Performance Tuning (Programming PHP)

13.5. Performance Tuning

Before thinking much about performance tuning, get your code working. Once you have working code, you can then locate the slow bits. If you try to optimize your code while writing it, you'll discover that optimized code tends to be more difficult to read and to take more time to write. If you spend that time on a section of code that isn't actually causing a problem, that's time that was wasted, especially when it comes time to maintain that code, and you can no longer read it.

Once you get your code working, you may find that it needs some optimization. Optimizing code tends to fall within one of two areas: shortening execution times and lessening memory requirements.

Before you begin optimization, ask yourself whether you need to optimize at all.
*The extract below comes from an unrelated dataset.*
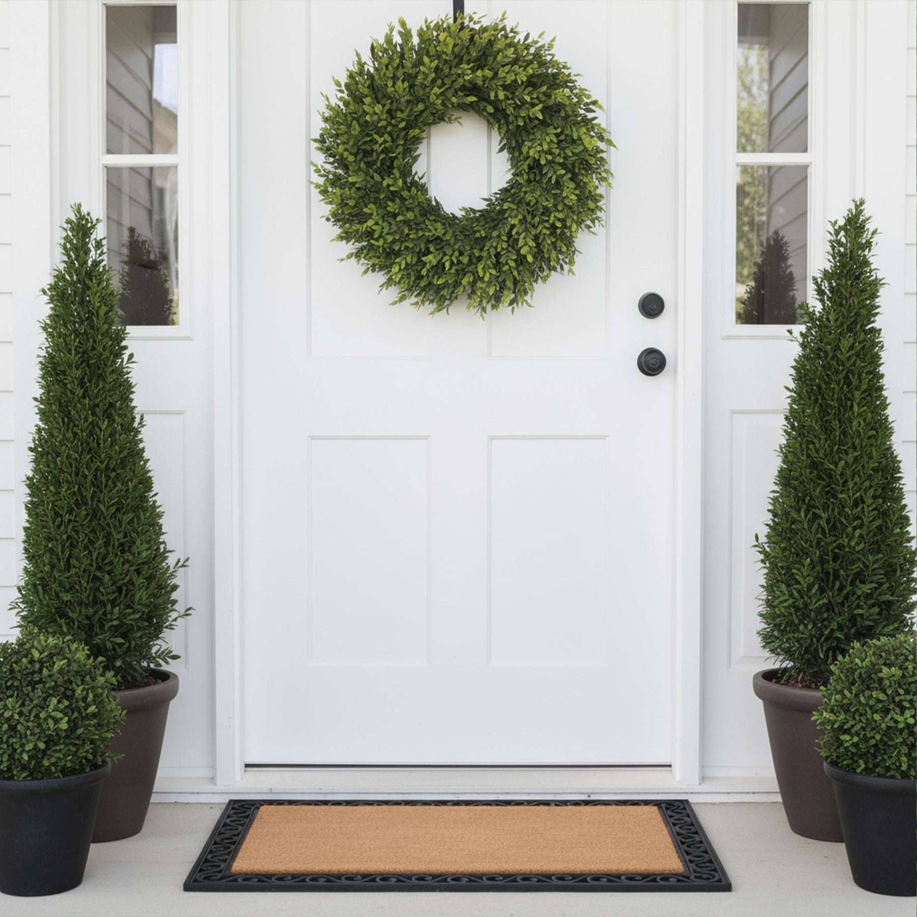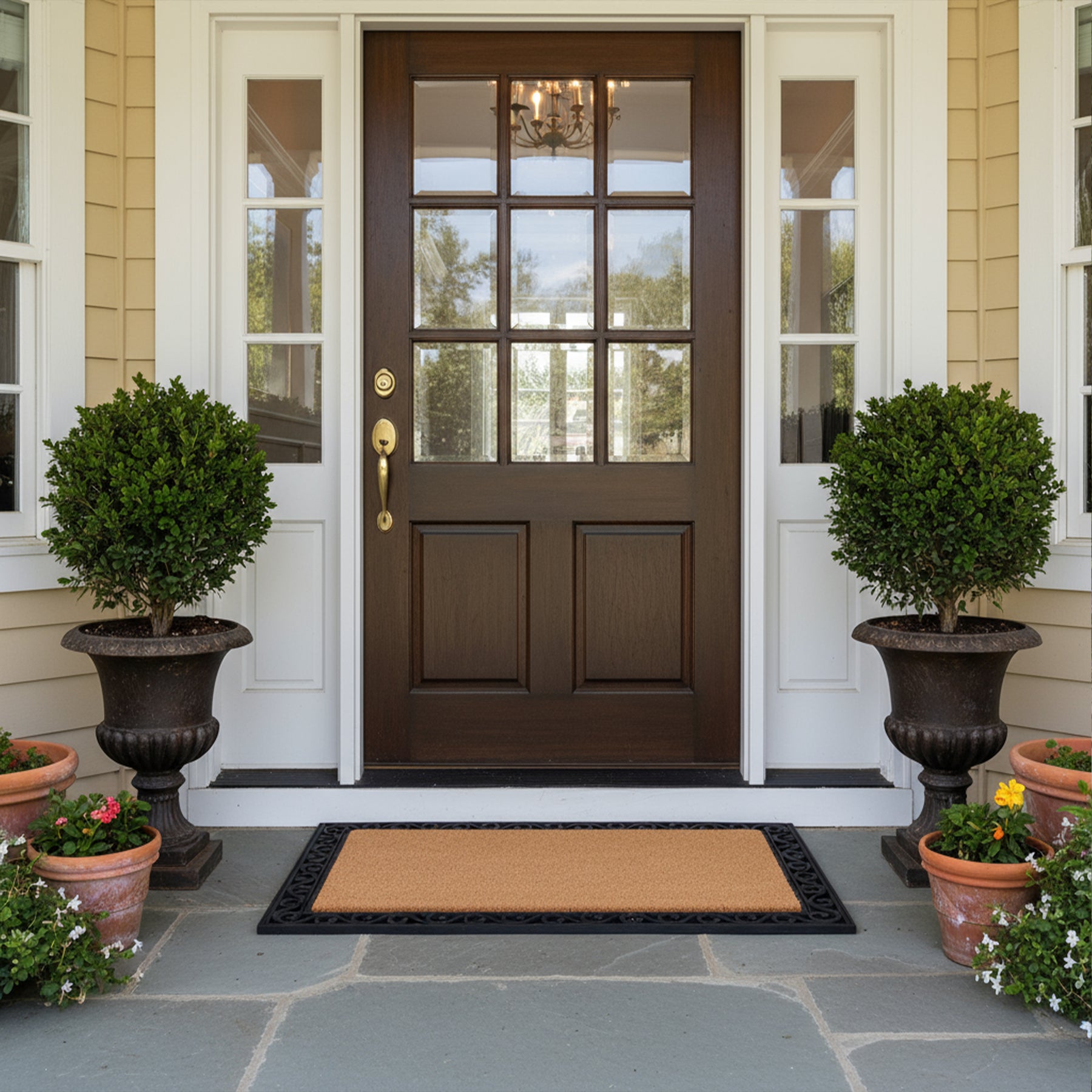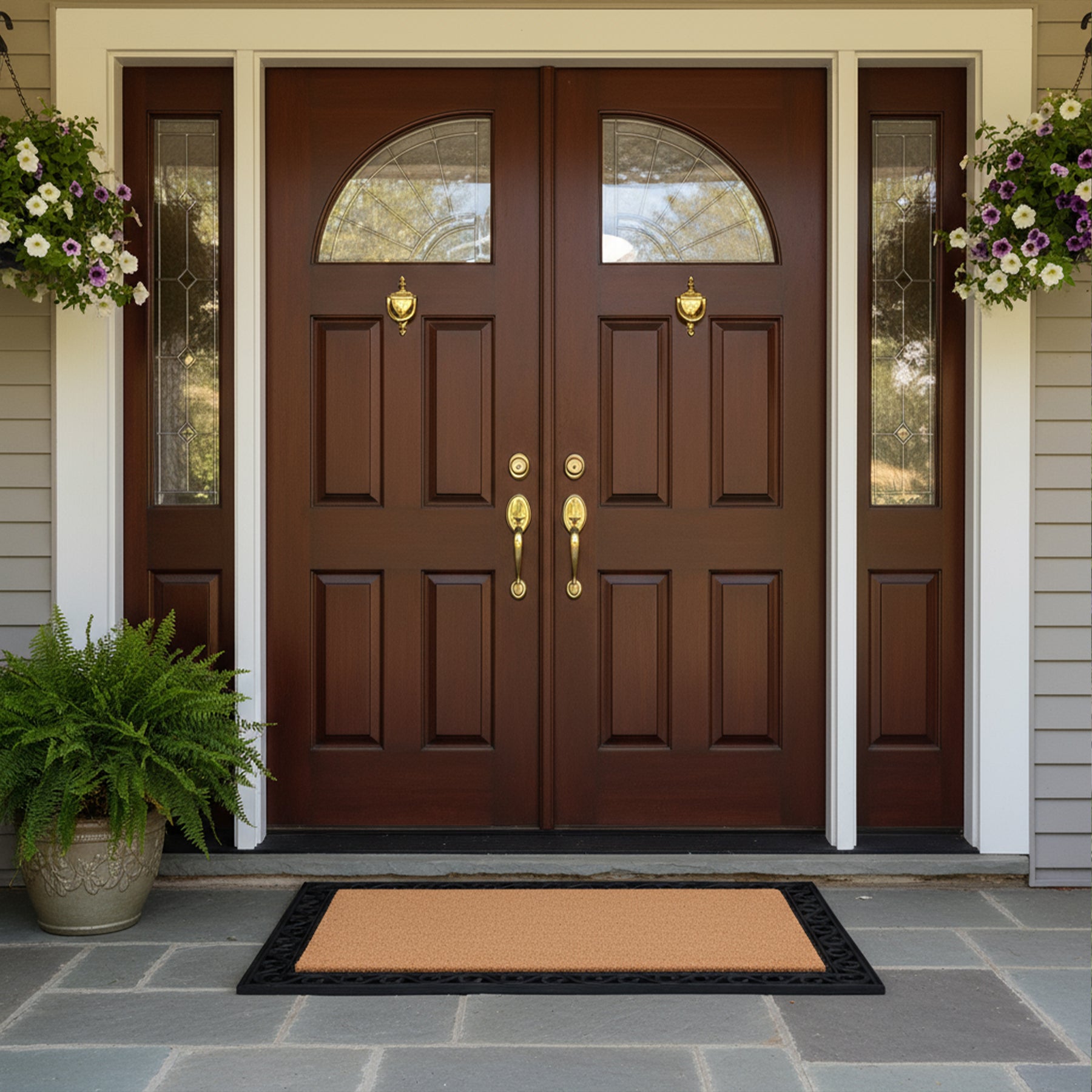 The beautiful combination of coir and rubber in this doormat make a stylish reception for your guests. While the heavy-duty rubber adds weight and elegance, the coir acts as a natural scraper on shoes to keep debris from entering your home. Sweep or hose clean.

Too many programmers have wasted hours wondering whether a complex series of string function calls are faster or slower than a single Perl regular expression, when the page that this code is in is viewed once every five minutes. Optimization is necessary only when a page takes so long to load that the user perceives it as slow. Often this is a symptom of a very popular site—if requests for a page come in fast enough, the time it takes to generate that page can mean the difference between prompt delivery and server overload.
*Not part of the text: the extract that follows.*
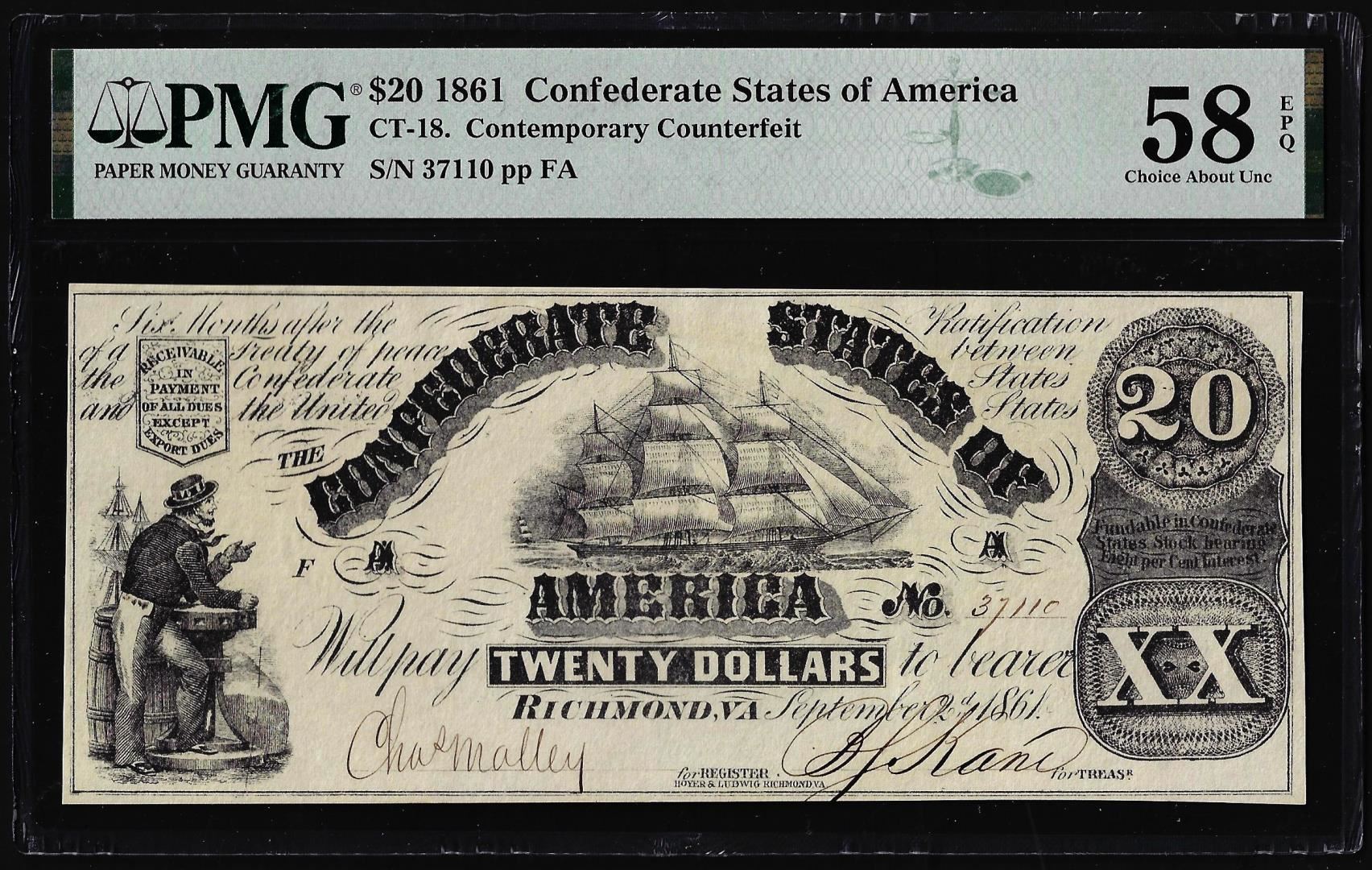 1861 $20 Confederate States CT-18 Contemporary Counterfeit PMG Choice About Unci 58EPQ

Once you've decided that your page needs optimization, you can move on to working out exactly what is slow. You can use the techniques in Section 13.5.2 to time the various subroutines or logical units of your page. This will give you an idea of which parts of your page are taking the longest time to produce—these parts are where you should focus your optimization efforts. If a page is taking 5 seconds to produce, you'll never get it down to 2 seconds by optimizing a function that accounts for only 0.25 seconds of the total time. Identify the biggest time-wasting blocks of code and focus on them. Time the page and the pieces you're optimizing, to make sure your changes are having a positive and not negative effect.

Finally, know when to quit. Sometimes there is an absolute limit for the speed at which you can get something to run. In these circumstances, the only way to get better performance is to throw new hardware at the problem. The solution might turn out to be faster machines, or more web servers with a reverse-proxy cache in front of them.

13.5.1. Benchmarking

If you're using Apache, you can use the Apache benchmarking utility, ab, to do high-level performance testing. To use it, run:

$ /usr/local/apache/bin/ab -c 10 -n 1000 http://localhost/info.php

This command tests the speed of the PHP script info.php 1,000 times, with 10 concurrent requests running at any given time. The benchmarking tool returns various information about the test, including the slowest, fastest, and average load times. You can compare those values to a static HTML page to see how quickly your script performs.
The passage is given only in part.